Dr. Ben Wedro practices emergency medicine at Gundersen Clinic, a regional trauma center in La Crosse, Wisconsin. His background includes undergraduate and medical studies at the University of Alberta, a Family Practice internship at Queen's University in Kingston, Ontario and residency training in Emergency Medicine at the University of Oklahoma Health Sciences Center.
Melissa Conrad Stöppler, MD, is a U.S. board-certified Anatomic Pathologist with subspecialty training in the fields of Experimental and Molecular Pathology. Dr. Stöppler's educational background includes a BA with Highest Distinction from the University of Virginia and an MD from the University of North Carolina. She completed residency training in Anatomic Pathology at Georgetown University followed by subspecialty fellowship training in molecular diagnostics and experimental pathology.
Medical Author: Benjamin C. Wedro, MD, FAAEM
Medical Editor: Melissa Conrad Stöppler, MD
The ambulance call comes in.
"We're running lights and siren with a 67 year old male.
He's confused, lethargic, blood pressure 80 over 40, thready pulse (a pulse that
is very fine and barely perceptible) and sweaty. We'll be at your
door in a couple of minutes."
The nurses start setting up the equipment to care for the patient. We've been
through this drill before when someone arrives at the ER with low blood
pressure. I hope it's an easy diagnosis and something that we can treat quickly.
IV's are set up, monitor pads ready.

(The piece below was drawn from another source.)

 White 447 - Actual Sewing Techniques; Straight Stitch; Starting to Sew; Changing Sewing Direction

The respiratory tech arrives with her
machines just in case they are needed.
The EMTS unload a man in obvious distress, sweaty, struggling to breathe, and
limp.
"He's had a fever for a couple of days with a
cough. Past history of
COPD, heart problems, and
smokes."
The diagnosis could be easy, but there are a variety of factors that could
be causing this man's condition. He is in
shock; his
blood
pressure is so low there is not
enough pressure to provide blood flow and oxygen to his brain. That's why he is
lethargic. No doubt the rest of his organs are at risk too. But why?
The word shock is used differently by the medical community and the general public. The connotation by the public is an intense emotional reaction to a
stressful situation
or bad news. The medical definition of shock is much different.

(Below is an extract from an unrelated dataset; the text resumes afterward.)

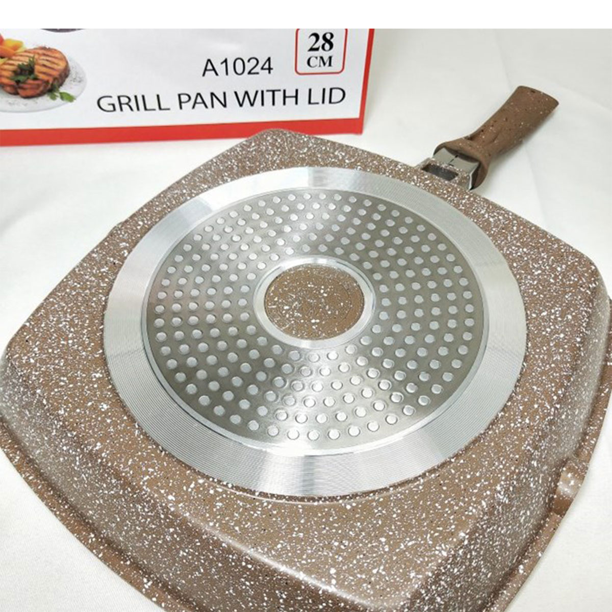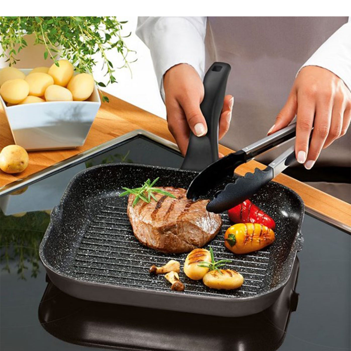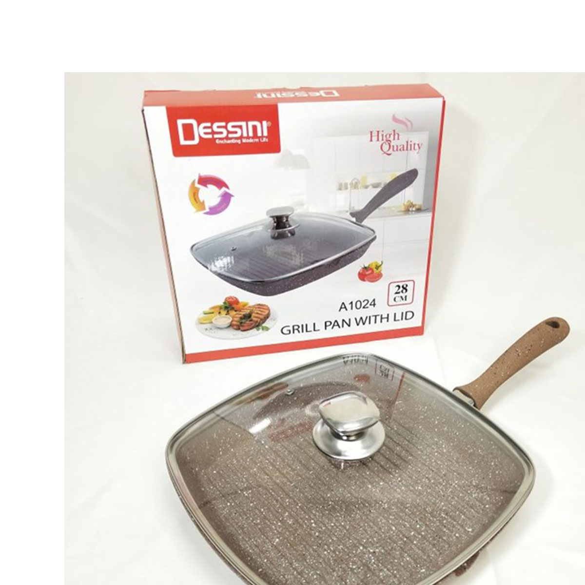 This latest new design double sided Dessini grill pan is must-have cookware for your kitchen, the double-sided pan with the silicon sealing on the edge and magnetic locking mechanism will create a pressure effect while cooking, locking in the heat and pressure to cook the food more quickly and evenly, therefore saving time and energy. The sealing will also prevent odor and smoke escaping from the pan while frying, it will also prevent oil splattering, making frying your favorite food cleaner and easier, the excess oil and water will flow out through the drip tray for easy cleaning. The ergonomic handle design and stainless steel handle holder will ensure safe and comfort handling while cooking.

Medically, shock is defined as a condition where the tissues in the body don't receive enough oxygen and nutrients to allow the cells to function. This ultimately leads to cellular death, progressing to organ failure, and finally,
if untreated, whole body failure and death.
How the body works
Cells need two things to function: oxygen and glucose. This allows the cells to generate energy and do their specific jobs.
Oxygen in the air enters the body through the lungs; where oxygen molecules cross into the smallest blood vessels, the capillaries, and are picked up by red blood cells and attached to hemoglobin molecules. The red blood cells are pushed through the body by the actions of the pumping heart and deliver the oxygen to cells in all the tissues of the body. The hemoglobin then picks up carbon dioxide, the waste product of metabolism, where it is then taken back to the lungs and breathed
out into the air, whereby the whole cycle begins again.

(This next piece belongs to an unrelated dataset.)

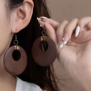 复古波西米亚木头耳环女小众设计感镂空大圈圈耳钩民族风夸张耳饰

Glucose is generated in the body from the foods we eat. Glucose travels in the
blood stream and uses an insulin molecule to
"open the door," where it then enters the cell to provide energy for cellular metabolism.
Shock Causes
When things go wrong
If cells are deprived of oxygen, instead of using aerobic (with oxygen) metabolism
to function, the cells use the anaerobic (without oxygen) pathway to produce energy. Unfortunately, lactic acid is formed as
a by product of anaerobic metabolism. This acid changes the acid-base balance in the blood,
making it more acidic, and
this leads to situation in which cells begin to leak toxic chemicals into the bloodstream, causing blood vessel walls to become damaged.
The anaerobic process ultimately leads to the death of the cell. If enough cells die, organs start to fail, and the body
starts to fail and death occurs.
Think of the cardiovascular system of the body as similar to the oil pump in your car. For efficient functioning, the electrical pump needs to work to pump the oil, there needs to be enough oil, and the oil lines need to be intact. If any of these components fail, oil pressure falls and the engine may be damaged. In the body, if the heart, blood vessels, or bloodstream (circulation) fail, then the body fails.
Where things go wrong
The oxygen delivery system to the body's cells can fail in a variety of ways.
The amount of oxygen in the air that is inhaled can be decreased.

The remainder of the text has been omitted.